Marquez was the first openly gay person to serve as president of the Hispanic National Bar Association, where he pushed for the creation of an LGBT section. Marquez serves on the ABA Commission on Sexual Orientation and Gender Identify, and he credited the ABA for selecting an openly gay person to receive a Spirit of Excellence Award. “You’re expanding the definition of diversity beyond race and ethnicity to encompass the LGBT community,” he said.

Another Spirit of Excellence Awards recipient is Sarah Deer, a citizen of the Muscogee Nation of Oklahoma and a professor at Mitchell Hamline School of Law in St. Paul, Minnesota. She also is an associate justice for the Prairie Island Court of Appeals and an appellate judge for the White Earth Nation.
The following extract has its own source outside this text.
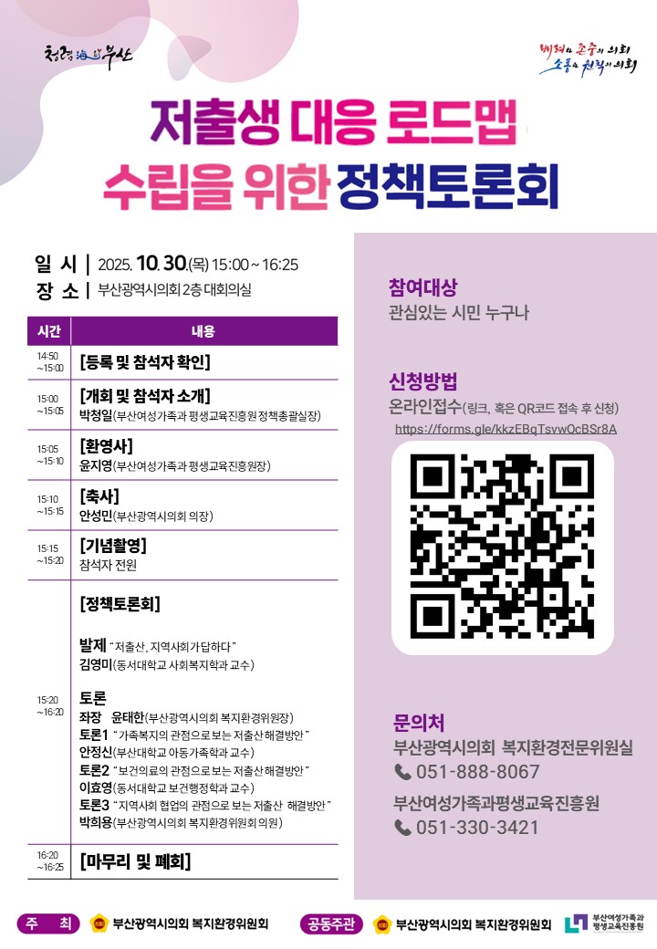 부산여성가족과평생교육진흥원에서 개최하는 「2025년 제5차 부산광역시 저출산 종합계획 수립을 위한 시민토론회」를 안내드립니다.
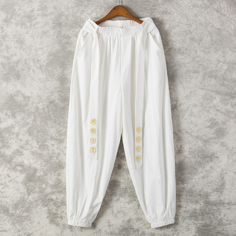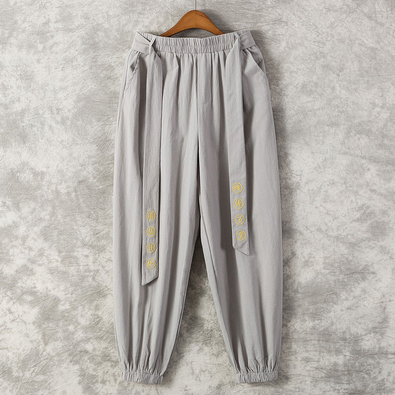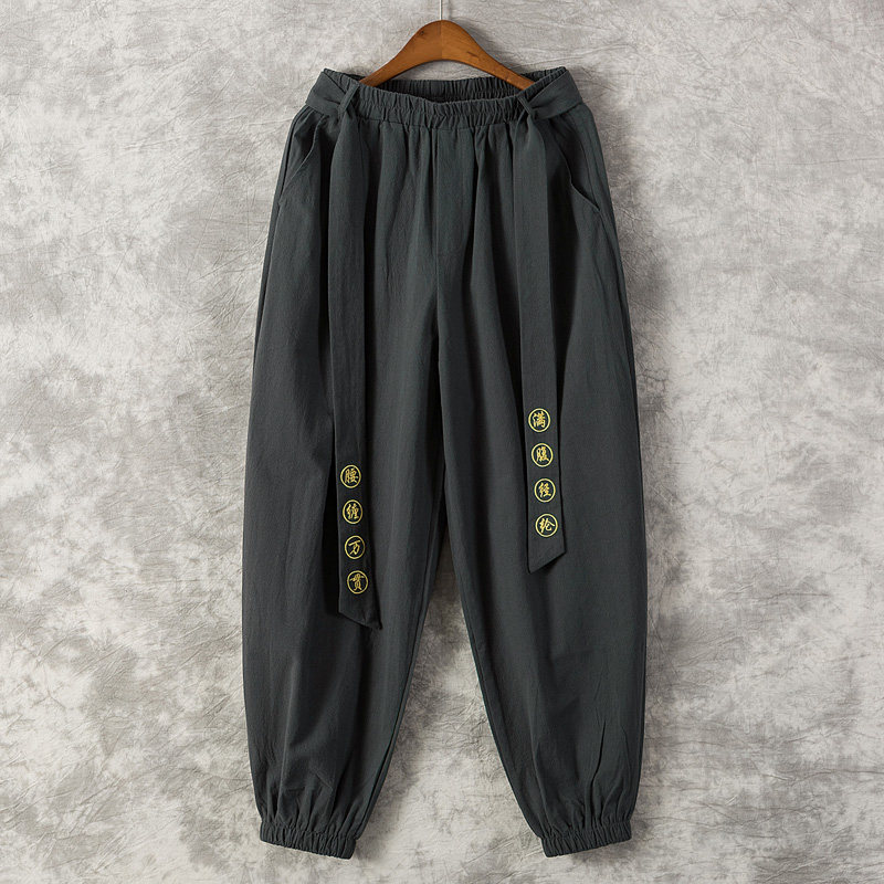 Chinese style casual pants men's loose bloomers small feet closed thick legs wide crotch ethnic style tight mouth harem pants

Her teaching and research focus is the intersection of tribal law and victims’ rights, especially violence against women on tribal lands. She is the author of The Beginning and End of Rape: Confronting Sexual Violence in Native America. She was named a MacArthur fellow in 2014.

Deer opened her remarks in Mvskoke, the language of the Muscogee people, which is “in grave danger of extinction,” Deer said. According to Deer, fewer than 5,000 people still speak the language. “I wanted to share my language as part of celebrating the possibility of survival,” she said. “Indeed, my people—the Muscogee people—are resilient and indeed have reached to the stars through difficulty.”

JoAnne A. Epps has served as dean of Temple University Law School in Philadelphia since 2008. Epps has received numerous awards for her work to achieve diversity in the legal profession, including the 2015 M. Ashley Dickerson Award from the National Association of Women Lawyers and the 2014 Justice Sonia Sotomayor Diversity Award from the Philadelphia Bar Association. Last year, Philadelphia’s mayor appointed her to chair a newly created police oversight board. She is a former deputy city attorney in Los Angeles and an assistant U.S. attorney in Philadelphia.

In her remarks, Epps issued an impassioned call for stronger efforts to achieve diversity in the legal profession. In particular, she said, it must be recognized that implicit bias is everywhere in American society. She cited, for instance, the contrasting ways culture portrays the imagery of black and white. Even in the Star Wars films, she said, Luke Skywalker wears white, while the evil Darth Vader is garbed completely in black. “And then there’s my favorite,” she said, “devil’s food cake as opposed to angel food cake. I’m sick and tired, and I’m sick and tired of being sick and tired.”

Citing the motto of the Spirit of Excellence Awards—“To the Stars Through Difficulty”—Epps said, “I believe we can make the stars reachable for everybody, but it will take work, and it will take commitment. I’m in. Will you join me?”